Kuwait's Information Ministry said on Monday it backed free speech but authorities must enforce the law.

"Authorities should suspend and then abolish laws that criminalize peaceful criticism of public officials because they violate international human rights standards," HRW's Houry said.

The United States and Amnesty International have also called on Kuwait to respect freedom of expression.

On Tuesday a Kuwaiti court sentenced three former opposition lawmakers to three years in jail for comments deemed offensive toward the ruling emir made at a public gathering, the second such conviction in less than a week.

The three ex-lawmakers - Islamists Falah al-Sawwagh and Bader al-Dahum, and populist Khaled al-Tahus - were arrested in October after an opposition-led protest where riot police used teargas and stun grenades.

Tens of thousands joined similar protests in October over changes to an electoral law passed by the emir, who is described as "immune and inviolable" in the constitution and shielded from public criticism by the penal code.

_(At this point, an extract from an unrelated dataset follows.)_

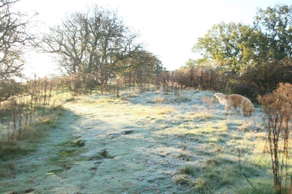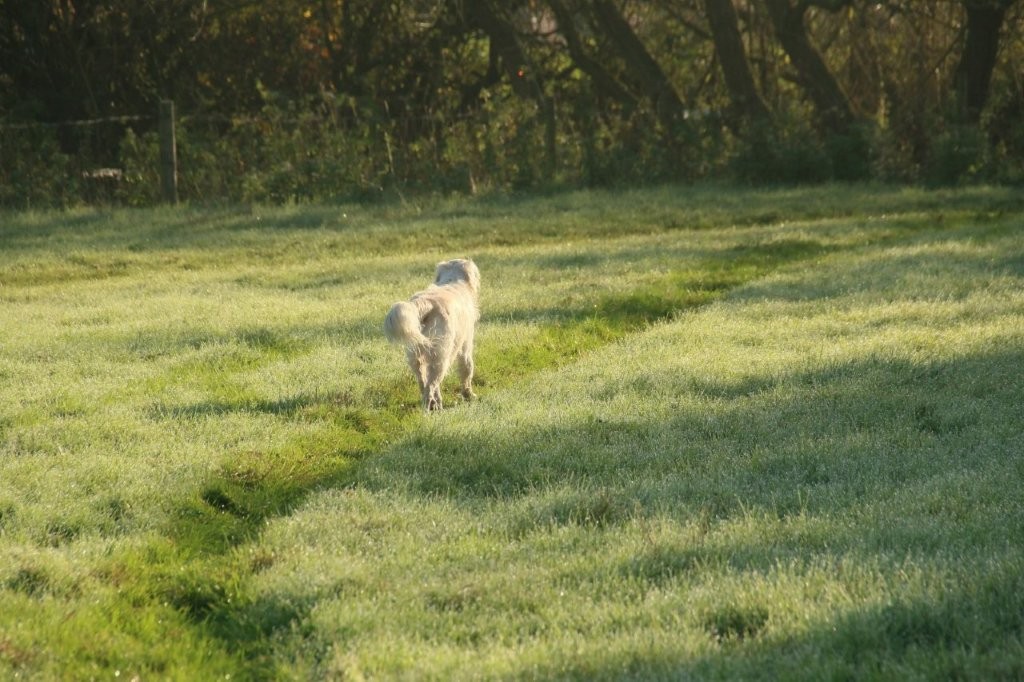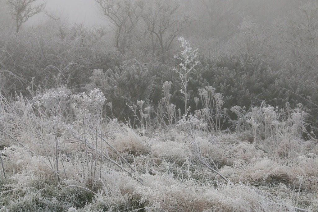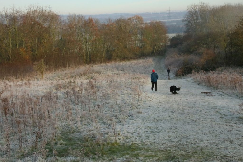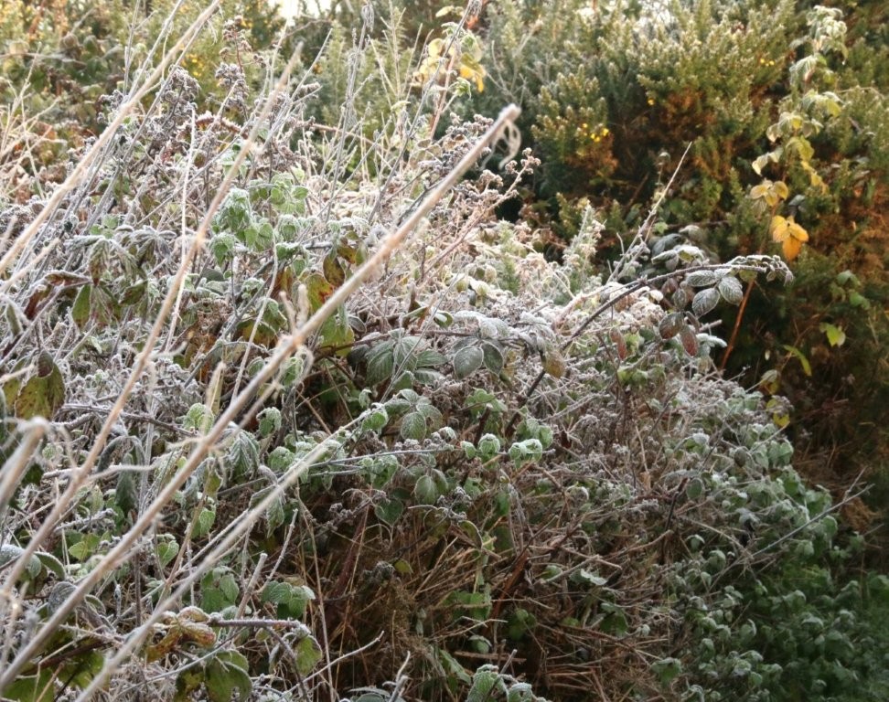 First ground frost this morning, although according to the weather sensor in my garden the air temperature was a degree or so above zero. For the first time I wished I’d worn gloves on my morning dog walk, especially on the top of The Hill, where there was a chilly breeze.

The emir said the old voting system was flawed and that his changes to the voting system were necessary for security and stability. Opposition MPs said the changes, made six weeks before the election, would limit their prospects and boycotted the vote.

Another high-profile trial is expected to continue next week. Opposition politician Musallam al-Barrak has been charged on three counts related to a speech in October in which he made remarks deemed insulting of the 83-year-old emir.

The U.S. ally and major oil exporter has been taking a firmer line on politically sensitive comments in recent months. On Sunday it sentenced a political activist to five years in prison for insulting the emir on Twitter.

Kuwait allows more dissent than other Gulf states and has avoided the kind of mass unrest that unseated four heads of Arab states in 2011.

The electoral changes, however, triggered some of the biggest protest marches in Kuwait's history and calls for political reform.